Finally, diagnostic plots can be used in essentially the same way in both NEBULAR and PyNeb, with the latter allowing a greater flexibility in terms of the plot’s graphical features (Fig. 10).

4.2. Limitations and caveats

Powerful as it is, PyNeb incorporates a fairly simple physical model of line emission in nebular objects, and it is important to ensure that it is not stretched outside its range of validity. This section enumerates a few physical problems that cannot be solved by PyNeb.

Table 6

Comparison between density diagnostics in NEBULAR and PyNeb.

Table 7

Comparison between temperature diagnostics in NEBULAR and PyNeb.

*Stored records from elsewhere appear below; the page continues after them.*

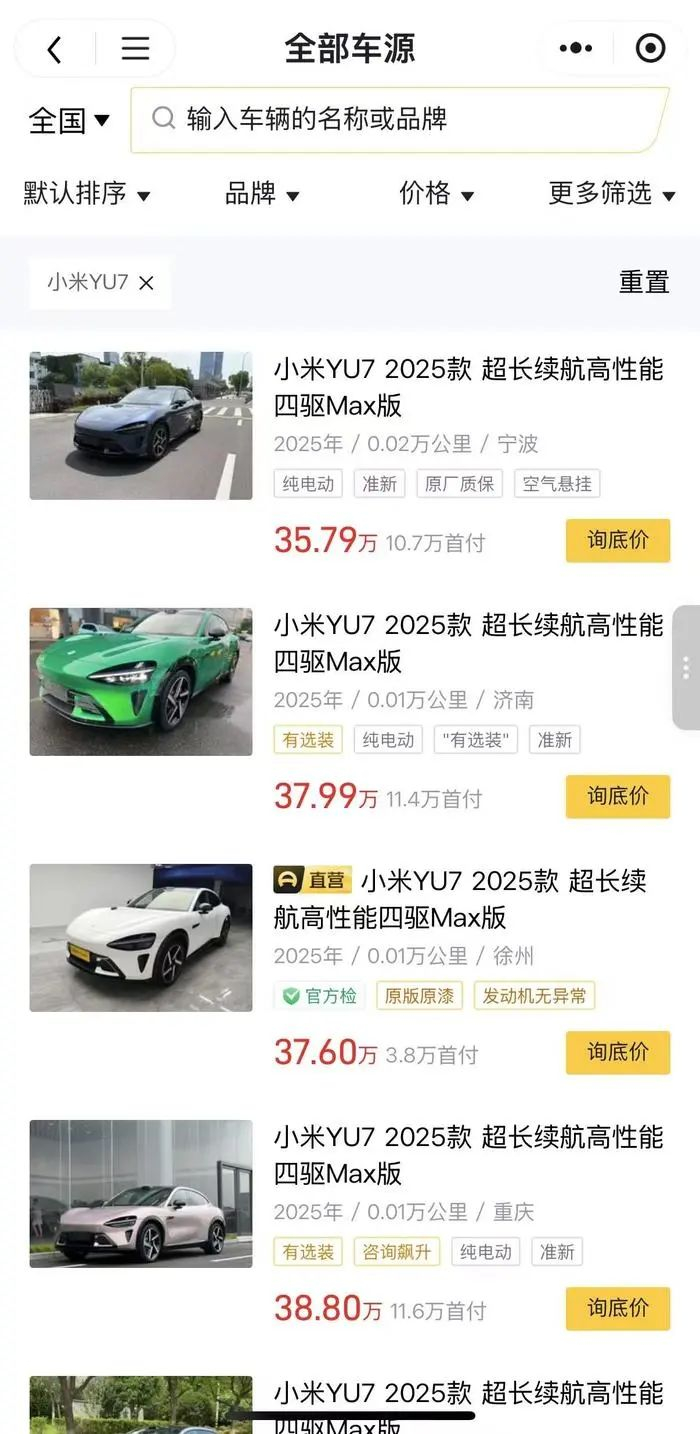 近百辆小米YU7流入二手车市场,百公里准新车加价1万起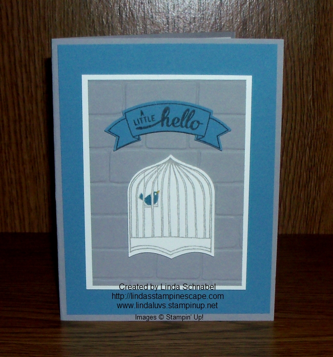 The birdcage was stamped in Smokey Slate, punched with the coordinating “Best Badge” punch and popped up on the background. The background and the base of the card are also Smoky Slate, and the background is embossed with the “Brick Wall” embossing folder.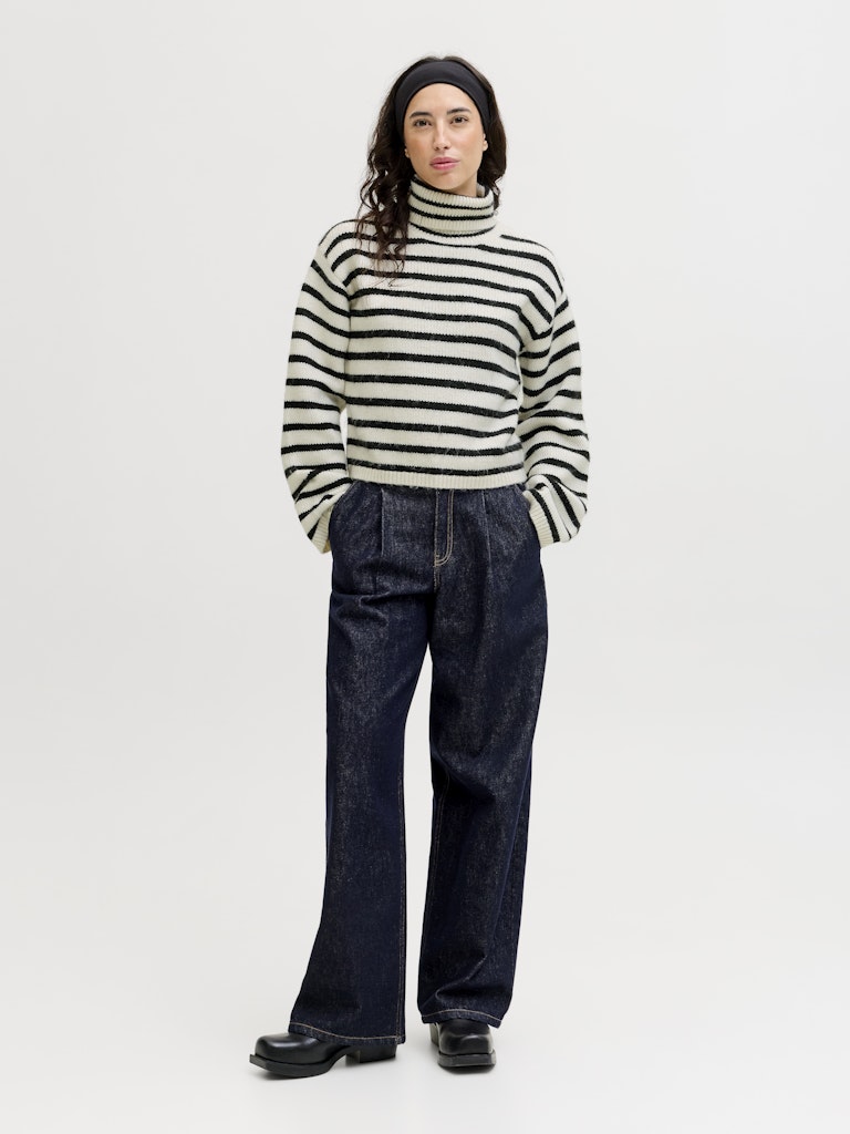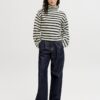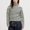Ριγέ πλεκτή μπλούζα με λαιμό ζιβάγκο.Μακρύ μανίκι.Μαλακή και απαλή υφή.Κανονική εφαρμογή.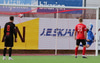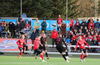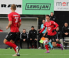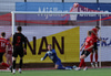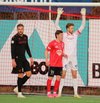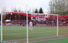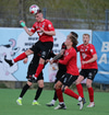 Boltinn kemur inn í teig á fjærstöng og hann skoppar eitthvað af mönnum. Hann dettur svo fyrir einn heimamanninn í miðjum teignum sem tekur skotið en yfir markið.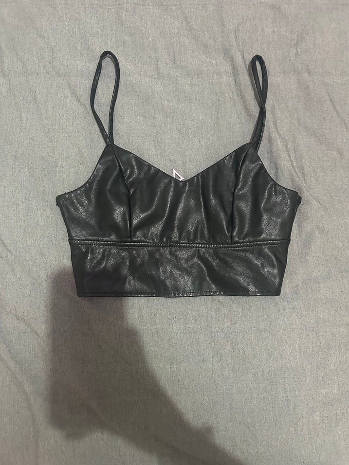 Dar kesim siyah deri mini askılı büstiyer, ince askılarla günlük kullanıma uygun cesur ve zahmetsiz şıklık sunar.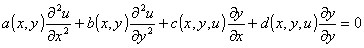 就是拟线性方程,在拟线性方程中,由最高阶偏导数所组成的部分称为方程的主部.上面方程的主部为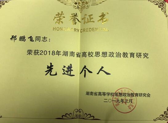 近日,湖南省高校思想政治教育研究会下发《关于表彰2018年湖南省高校思想政治教育研究先进单位、先进个人的通报》、《关于表彰2018年湖南省高等学校思想政治教育优秀论文、案例、专著的通报》,对2018年全省高校思想政治教育研究先进单位、先进个人以及优秀论文、案例等进行了表彰。公司被授予“2018年湖南省高校思想政治教育研究先进单位”荣誉称号;公司邢鹏飞老师荣获“2018年湖南省高校思想政治教育研究先进个人”荣誉称号;谭吉华老师申报的案例《让红色资源渗透到理想信念公司产品中》获评全省高校思想政治教育研究优秀案例二等奖。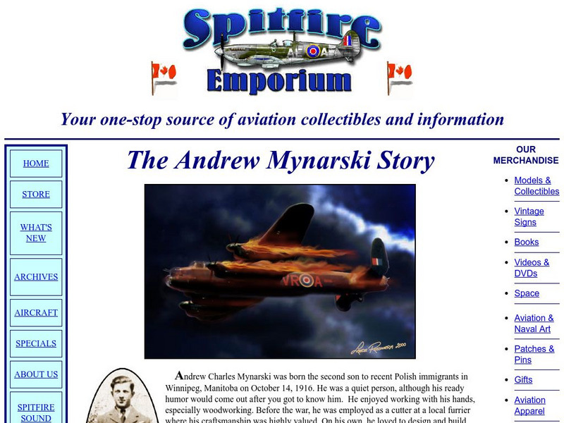 This biography of Winnipeg born Andrew Mynarski describes his achievements as an Air Gunner in World War ll. He was presented the Victoria Cross posthumously for his bravery in saving a fellow gunner.

An important process that cannot be accounted for by PyNeb is fluorescence, which may affect the emitted intensity of both collisional and recombination lines (Escalante & Morisset 2005; Luridiana et al. 2009). Fluorescence is a line emission mechanism triggered by the absorption of a photon previously emitted either from a stellar source (continuum pumping) or from another ion (resonant fluorescence). While the intensity of collisional and recombination lines merely depends on the local conditions and the abundance of the ion involved, the intensity emitted through fluorescence depends on the intensity, spectrum, position, and relative velocity of the stellar source (in the case of continuum pumping) or on the simultaneous emission of other ions (fluorescence of resonant lines). The intensity of the line produced through this process adds to the intensity produced by collisional or recombination processes, a fact to take into account when observational data are analyzed. Since PyNeb considers the ions in isolation, it cannot account for this line-enhancing process, which must be corrected for explicitly before interpreting observed intensities in terms of physical conditions and chemical abundances.

thumbnail Fig. 10

Left: density diagnostic plot of the [O iii] λ3726/λ3729 intensity ratio as a function of electron density and temperature, obtained with the NEBULAR command ntcontour. Right: density diagnostic plot of the [O iii] λ3726/λ3729 intensity ratio as a function of electron density and temperature, obtained with the PyNeb command plotLineRatio.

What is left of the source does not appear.